My Trip to York
People often ask me how I choose a setting for my books. Well, I'll let you into a secret . . .
where I set a book really depends on where I'd like to go. As I said in my For Writers post on Setting, there are lots of ways that writers approach picking a location for their books. For me, it's generally somewhere lovely that I'd like to spend a few days wandering around. Three of my novels are set by the sea, proof positive of this fact. Did I mention that I love the seaside?
My latest book, Impossible to Forget, is set in York, the county town of Yorkshire and about an hour from where I live. If you haven't been to York then I can thoroughly recommend it. It is a beautiful city and simply oozes history which, with all its interesting nooks and crannies, really lends itself to being a story location.
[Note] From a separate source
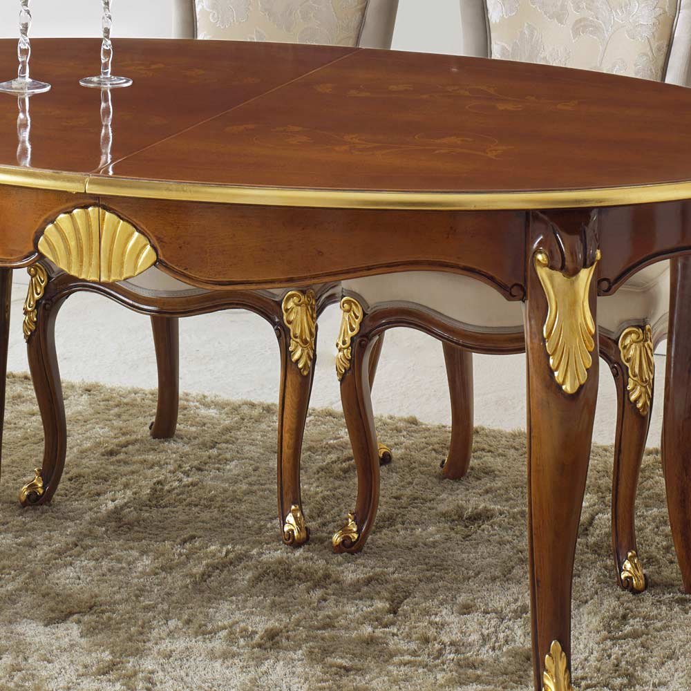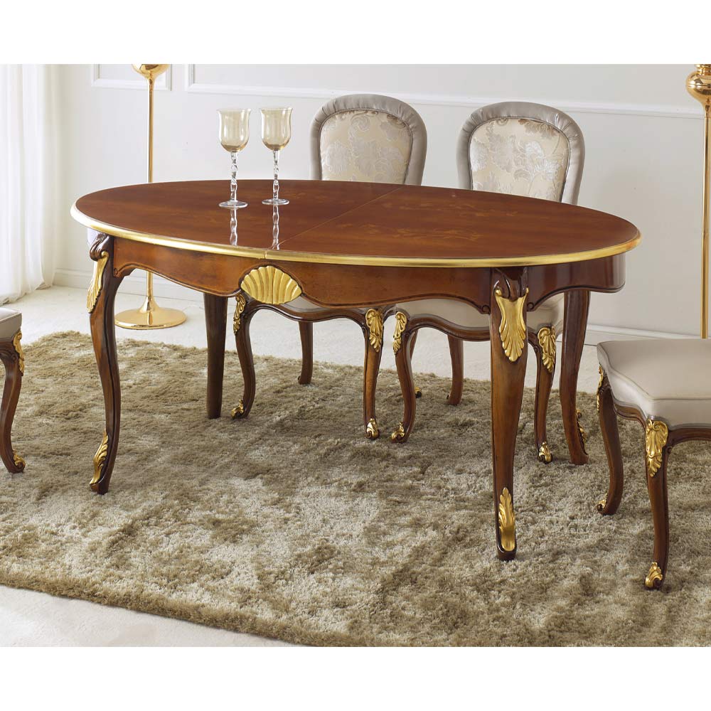 Mesa de jantar oval com tampo extensível graças a duas extensões internas de 50 cm, totalmente em madeira e disponível em nogueira Bassano e acabamentos em ouro antigo ou madeira branca e dourada. Um complemento único e refinado, totalmente

York has everything - Roman archaeology, medieval streets, modern shopping and the majestic Minster and the River Ouse winding through its heart. The ancient city wall is still intact and you can follow it pretty much all the way round, dropping down to street level as you wish. One of the key scenes in Impossible to Forget is set up on the walls. When I was writing it, I was struck by the idea of my characters beneath huge unbroken skies and with the city bustling beneath them as they unravel a secret from their past. It is is an important moment for them, changing what they thought they knew about the world and their place in it. But of course, these things are insignificant when compared with the two thousand years of history that York has seen. We are all merely passing through.
River Ouse at Twilight
When I go on a research trip, I generally travel on my own and without a plan. My aim is to just wander and absorb the feel of a place so that I can capture on the page the parts of it that speak to me. I have absolutely no sense of direction so, for the first day at least, I will be lost. As I spend so much of my life not knowing where I am this really doesn't bother me, and I do have google maps to bring me back to where I should be if I get really stuck.
But I think not knowing where you are brings with it a kind of freedom. I take each street as I find it, without any preconceived ideas, and so I see things I might otherwise have missed if I'd had a particular destination in mind.
As I wander, I take photos of places that catch my eye and these often prompt part of the story when I get back to my desk. When I was in York much of the city was underwater. York often floods following heavy rain and the river was just starting to recede as I arrived, although the flood barriers were still up around my hotel.
I stumbled across the Hospitium, a 14th century hall sitting in the Museum Gardens. The river had risen right up against its walls and I was amazed that such an old building should cope so well with the water. I spent some time in the wintery sunshine, watching the waves lapping onto the building and wondering. When I was back at my desk and looking for a venue to set a smart party, my memory took my back there and I was able to imagine it, not with the flood, but on a warm summer's evening with fairy lights and candles.
The Hospitium, York
Sometimes when I go on a research trip, I know that there are certain places that I have to find. For example, in Where the Story Starts I needed to choose the house that kicks the whole story off. For Impossible to Forget, I was more interested in the University than the houses. I had last visited the university campus in 1987, when the characters in my book would have been in their second year. Much has changed over the intervening years, but the parts that I remembered - the lake, the covered walkways between buildings etc, were all still there. A little online research and a chat with the friend I was visiting back then helped me with the details that I needed to bring those corridors to life.
York University Campus
I had visited York many many times before I went on this research trip, but going without a particular aim in mind allowed me to explore parts of the city that I had rushed past before. And that is what I'm looking for on these jaunts - the quiet corners of a place that make me ask questions. If I have whetted your appetite, then Impossible to Forget will be published on 3rd February 2022.